### Required action:
Look below for the line with "Tại Vietcombank, tỷ"; begin the copy there and stop after the line with "5 веков - это", keeping the text exact and the pictures out.

----

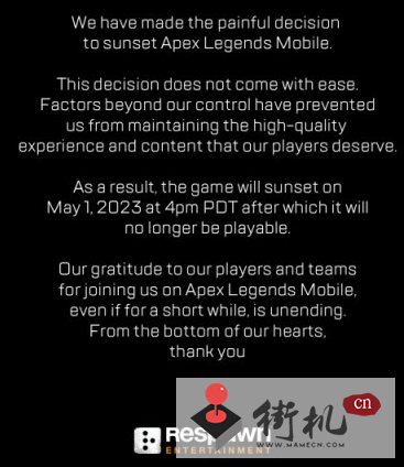 在经历了一个良好的开端后,《Apex Legends Moblie》的游戏质量、内容和节奏出现了问题,EA与合作伙伴共同决定放弃这款游戏。游戏将关闭玩家充值渠道,并从应用商店下架,但已经安装了这款游戏的玩家可以继续游玩,游戏最终将于太平洋时间5月1日下午4点停服。
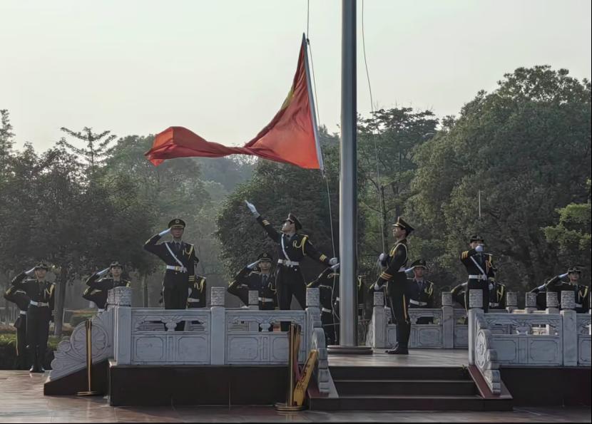 六时四十分,参加升旗仪式的同学们在升旗台前整齐列队,仪式正式开始。国旗班队员们身姿挺拔俊逸,步伐铿锵有力,护送国旗入场。“升国旗,奏唱国歌!”随着一声号令,升旗手郑重而有力地将国旗抛向天空。伴随着《义勇军进行曲》雄壮的旋律,五星红旗在晨曦中缓缓升起,全场肃然静立,深情仰望国旗,爱国情怀在每位同学心中升腾。
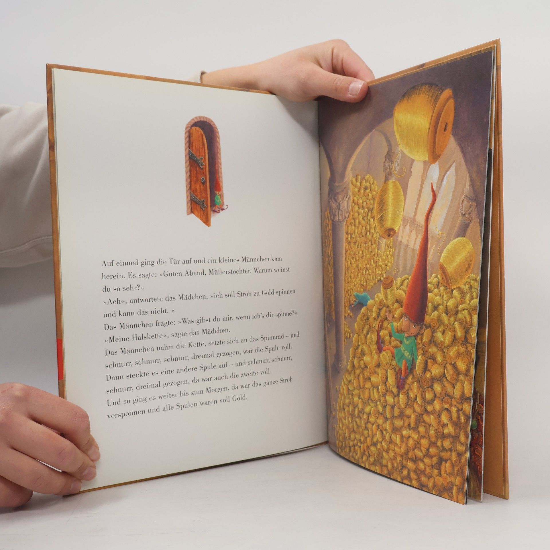 Nacht für Nacht muss die schöne Müllerstochter in einer Kammer eingeschlossen Stroh zu Gold spinnen. Wie zu ihrer Rettung taucht stets ein kleines, hässliches Männlein auf, um die unmögliche Aufgabe zu lösen. Doch der Preis ist hoch, denn in ihrer Not verspricht ihm die Müllerstochter ihr Erstgeborenes. Über ein Jahr später bringt die nun mit dem König Vermählte ein Kind zur Welt. Und als das Männlein wie aus dem Nichts wieder auftaucht, um das Kind mitzunehmen, bleibt der Königin nur eine Möglichkeit, ihr Kind zu retten: Sie muss herausfinden, wie der Gnom heißt. Eines der bekanntesten Märchen der Brüder Grimm mit kunstvollen und ausdrucksstarken Bildern von Kathrin Treuber - zum Sammeln und Verschenken.
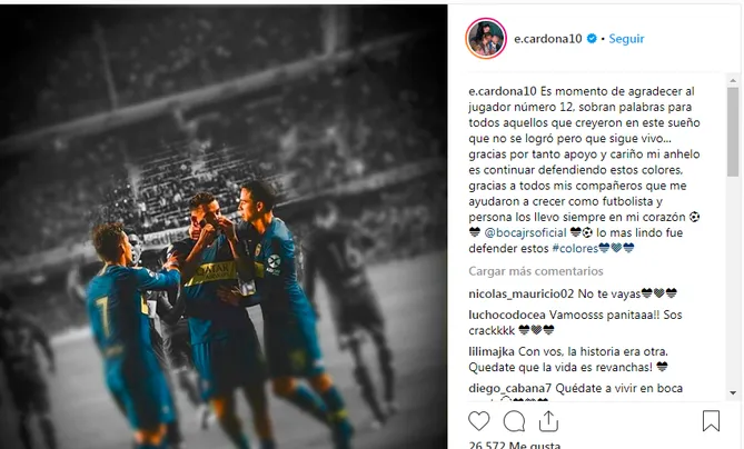 Edwin Cardona quedó afuera del banco de suplentes en ambas finales frente a River. Sin embargo, el colombiano no guarda rencor y, a través de un comunicado en su cuenta de Instagram, agradeció el apoyo de los hinchas, aseguró que el sueño de conquistar América no murió y se refirió a su futuro.
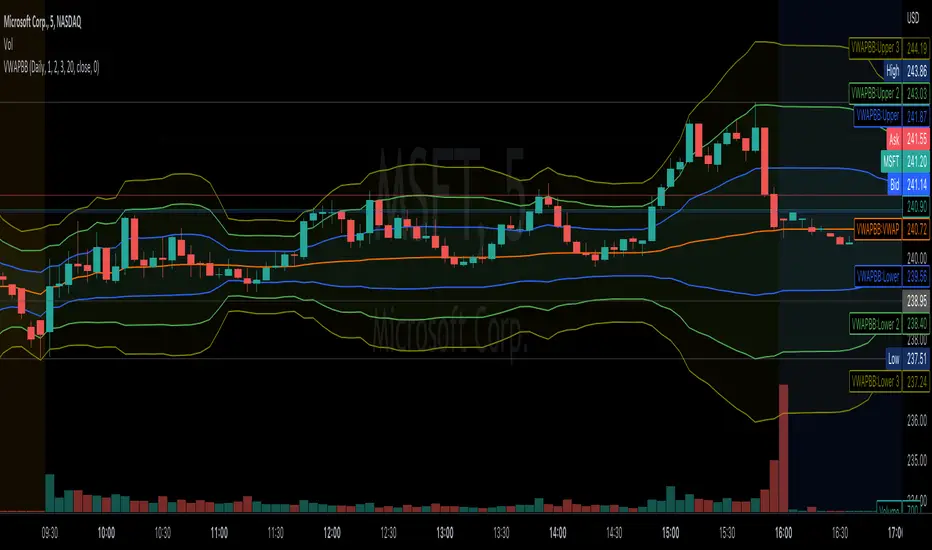 This aids in finding conditions of entry standard to vwap, but the bands could give key areas of focus for entries and exits better than standard bollinger bands or vwap bands.
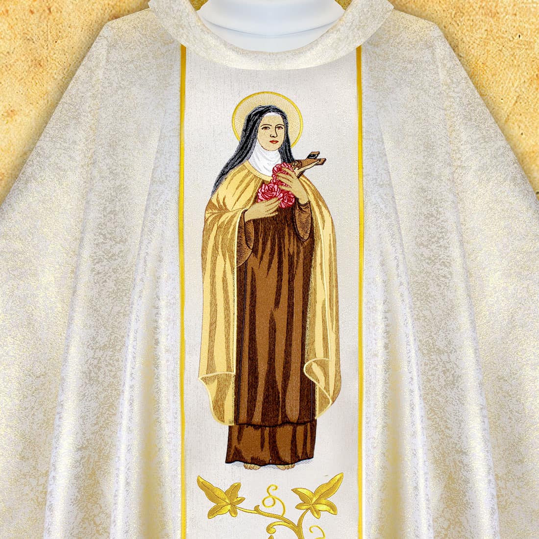 Lungo tutta la lunghezza della veste corre una fascia ricamata in tonalità ecru, delicatamente intrecciata con filo dorato. Questo ornamento conferisce alla casula un carattere solenne e al contempo dolce, che armonizza con l’immagine della santa. I motivi floreali simboleggiano la bellezza spirituale, la semplicità e la tenerezza – caratteristiche che S. Teresa ha portato nella vita della Chiesa.
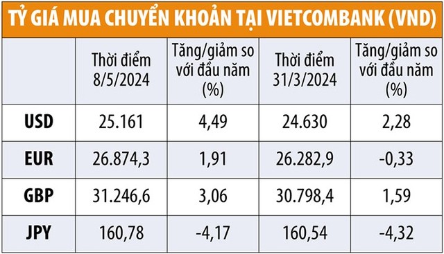 Tại Vietcombank, tỷ giá VND/USD mua chuyển khoản đến cuối ngày 8/5 tăng xấp xỉ 4,49% so với thời điểm đầu năm, vượt qua mức tăng ghi nhận trong cả năm 2023 và cao hơn nhiều mức tăng 2,28% trong quý I/2024.
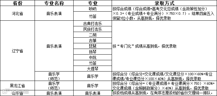 该校2021年在各省(自治区)均不设艺术类专业校考考点,录取使用的专业课成绩为生源所在省(自治区)组织的相应艺术类专业统考(联考)成绩,录取使用的文化课成绩包含高考政策性加分。要求考生艺术类专业相应科目统考(联考)成绩合格,文化课成绩须达到生源省份艺术类高考控制分数线,符合考生所在省(自治区)艺术类投档条件。针对音乐表演及音乐学(师范)录取方式如下:
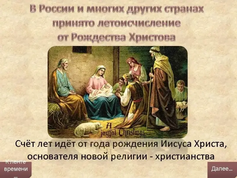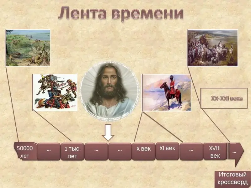 5 веков - это сколько лет? 7 веков - это сколько лет? 10 веков - это сколько лет? VI - это сколько? XX - Это сколько? XXI- Это сколько? (слайд 6) В России и многих других странах принято летоисчисление от Рождества Христова Счёт лет идёт от года рождения Иисуса Христа, основателя новой религии - христианства. (слайд 7) События, которые произошли после рождения Христа - наша эра. Какой сейчас идёт год? (2013). Значит, после рождения Христа прошло 2013 лет. Эта дата - наша эра. События из вашей жизни, отображенные на фото, в какой эре произошли? А какое это тысячелетие? То, что произошло до рождения Христа, договорились называть "до нашей эры". Считают так (учитель показывает примеры: 2 века до н.э., 3 века и т.д.) (Слайд 8) Сейчас мы рассмотрим основные события, которые произошли на Кубани и соотнесем их с лентой времени. Переход на 9 слайд осуществляется кликом на картинку (лента). (Слайд 9) |
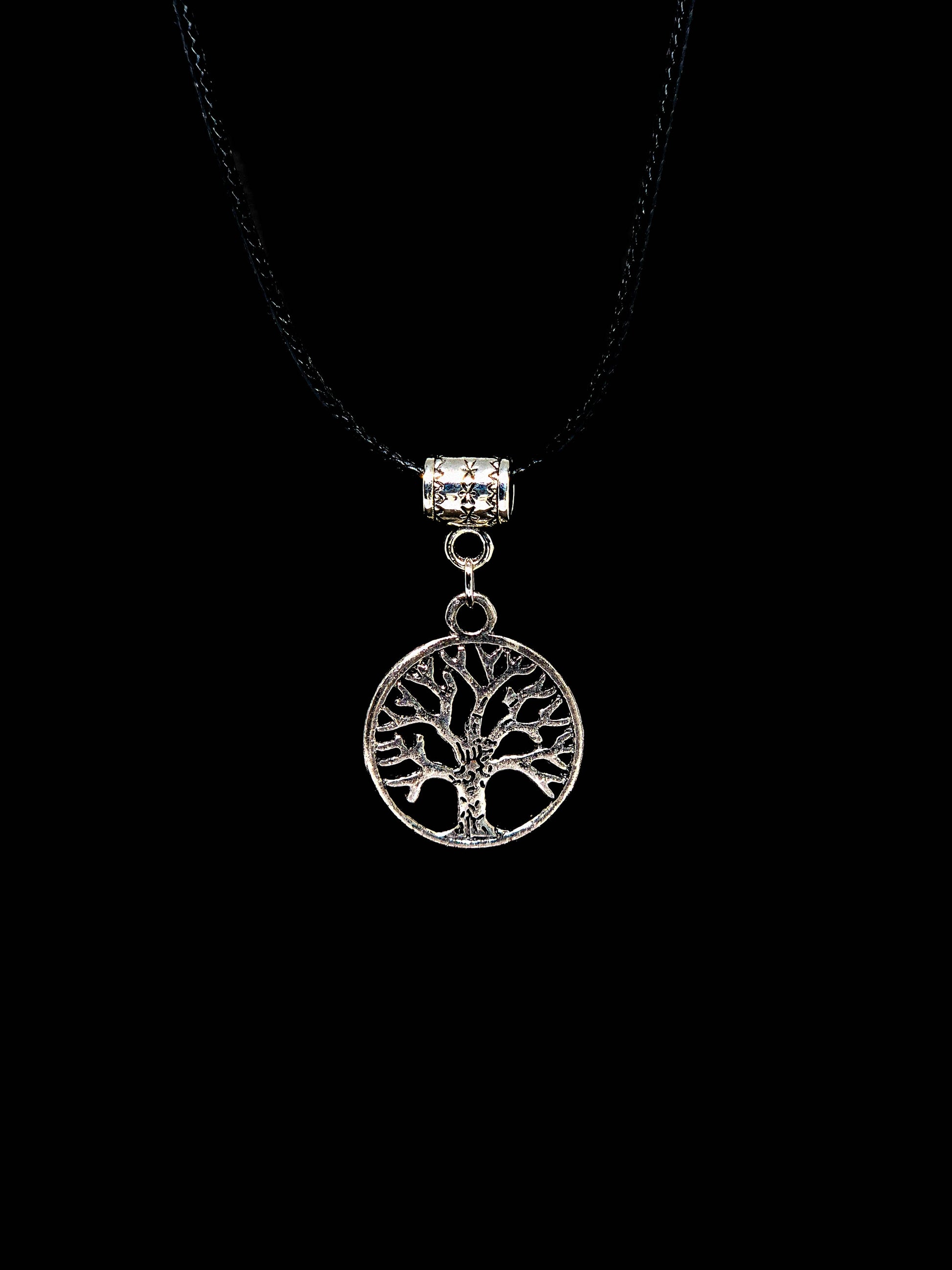 Hängsmycket föreställer Yggdrasil, livets träd, med grenar som sprider sig inom en cirkel. Kedjan är en svart snodd som ger en kontrasterande bakgrund till det intrikata metalliska hängsmycket. Materialet är zinklegering, vilket ger halsbandet både hållbarhet och en elegant look.
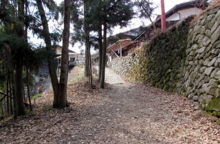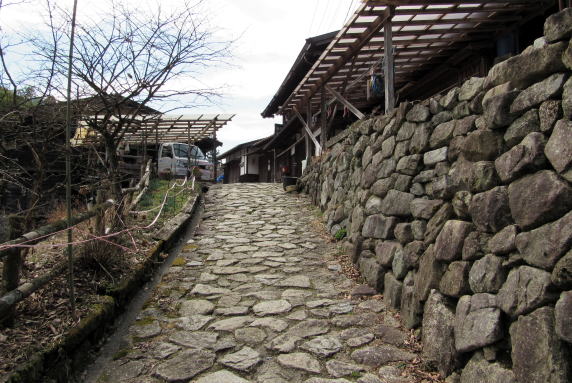 三つ目は、江戸時代の中山道です。大妻籠では神明集落のなかを通る小径がそうです。
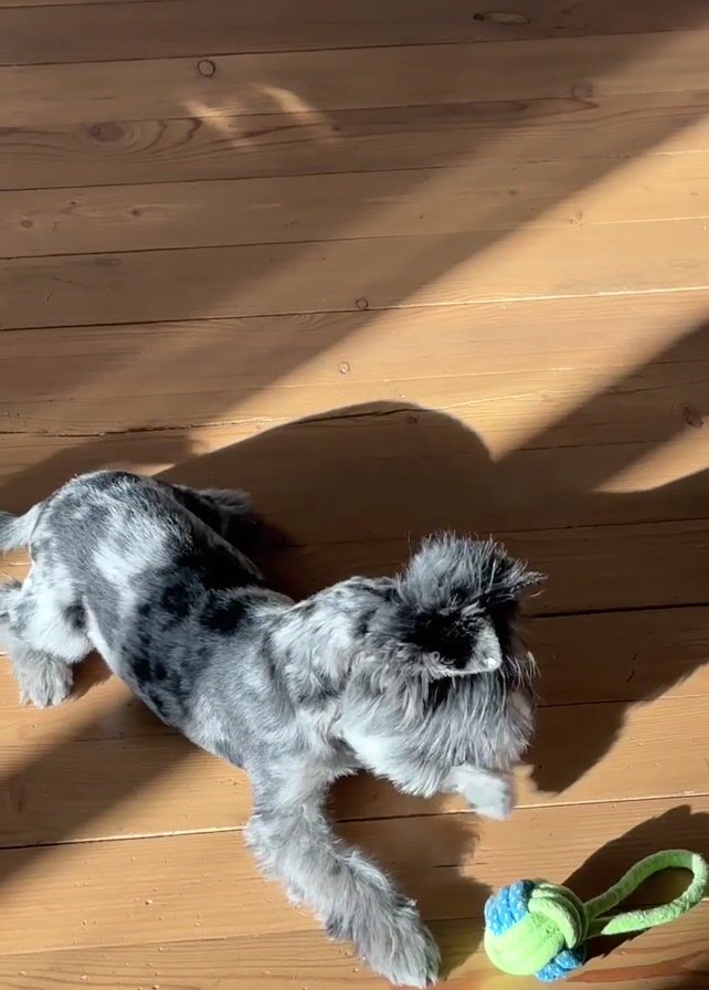 small, speckled dog on a wooden floor. The dog is mostly grey with black spots and some white, and it has a short tail. It gets up from a lying position and picks up a small green and blue toy with its mouth. The dog then trots away to the right of the frame, carrying the toy. The floor is made of light-colored wooden planks, and there are streaks of sunlight on the floor.

----

### Problem solution:
 Tại Vietcombank, tỷ giá VND/USD mua chuyển khoản đến cuối ngày 8/5 tăng xấp xỉ 4,49% so với thời điểm đầu năm, vượt qua mức tăng ghi nhận trong cả năm 2023 và cao hơn nhiều mức tăng 2,28% trong quý I/2024.
 该校2021年在各省(自治区)均不设艺术类专业校考考点,录取使用的专业课成绩为生源所在省(自治区)组织的相应艺术类专业统考(联考)成绩,录取使用的文化课成绩包含高考政策性加分。要求考生艺术类专业相应科目统考(联考)成绩合格,文化课成绩须达到生源省份艺术类高考控制分数线,符合考生所在省(自治区)艺术类投档条件。针对音乐表演及音乐学(师范)录取方式如下:
 5 веков - это сколько лет? 7 веков - это сколько лет? 10 веков - это сколько лет? VI - это сколько? XX - Это сколько? XXI- Это сколько? (слайд 6) В России и многих других странах принято летоисчисление от Рождества Христова Счёт лет идёт от года рождения Иисуса Христа, основателя новой религии - христианства. (слайд 7) События, которые произошли после рождения Христа - наша эра. Какой сейчас идёт год? (2013). Значит, после рождения Христа прошло 2013 лет. Эта дата - наша эра. События из вашей жизни, отображенные на фото, в какой эре произошли? А какое это тысячелетие? То, что произошло до рождения Христа, договорились называть "до нашей эры". Считают так (учитель показывает примеры: 2 века до н.э., 3 века и т.д.) (Слайд 8) Сейчас мы рассмотрим основные события, которые произошли на Кубани и соотнесем их с лентой времени. Переход на 9 слайд осуществляется кликом на картинку (лента). (Слайд 9) |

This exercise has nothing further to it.